Her book puts numbers to the question: 26,000 (of 125,000) of the Mariels had criminal records, mainly for minor crimes or political infractions. Approximately 2,000 had committed serious felonies.
Despite the resulting anti-immigrant sentiment, the push to open the doors for the Cuban community was so strong that President Jimmy Carter had to acquiesce, she says.
Many desperate ordinary Cubans set out for the States during the “special period” when the collapse of Cuba’s state sponsor, the Soviet Union, left them facing hunger and deprivation. President Bill Clinton first diverted the roughly 35,000 so-called rafters, unauthorized immigrants, to Guantanamo. But finding this unsustainable in the long run, he eventually allowed them into the US, which, in turn, enabled them to become lawful permanent residents and, subsequently, citizens.
The path to citizenship closed in 2017 as part of President Barack Obama’s attempt to reset our relationship with Cuba—which also saw a loosening of restrictions on travel to Cuba and financial remittances.
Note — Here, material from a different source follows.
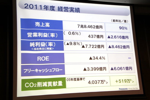 HOME > ニュース > AV&ホームシアターニュース 2012年度の事業方針も発表 パナソニック、11年度は7,722億円の赤字、今期は黒字化へ − 有機ELパネル投資は「他社と共同で」 ファイル・ウェブ編集部 2012年05月11日 前の写真へ 2011年度の経営実績 前の写真へ この写真の記事へ 関連リンク パナソニック

President Donald Trump rescinded many of those changes, but did not restore the path to citizenship.
Under President Joe Biden, the Cuba relationship has taken a far back seat to COVID, inflation, Ukraine, and other crises. But Eckstein says there has been a large influx of Cubans coming to America—many over land through Mexico—because Cuba is in bad economic straits exacerbated by Trump administration policies, notably on remittances, and by COVID’s harsh effect on Cuba’s nascent tourism industry.It’s not clear what the future holds. Younger Cuban Americans in Florida seem to hold more diverse opinions than their parents on social issues. Asked if they also could be somewhat less hard-line about the US-Cuba relationship and the embargo, Eckstein pauses before answering: They could, she says. “But I think that’s a good word—somewhat.”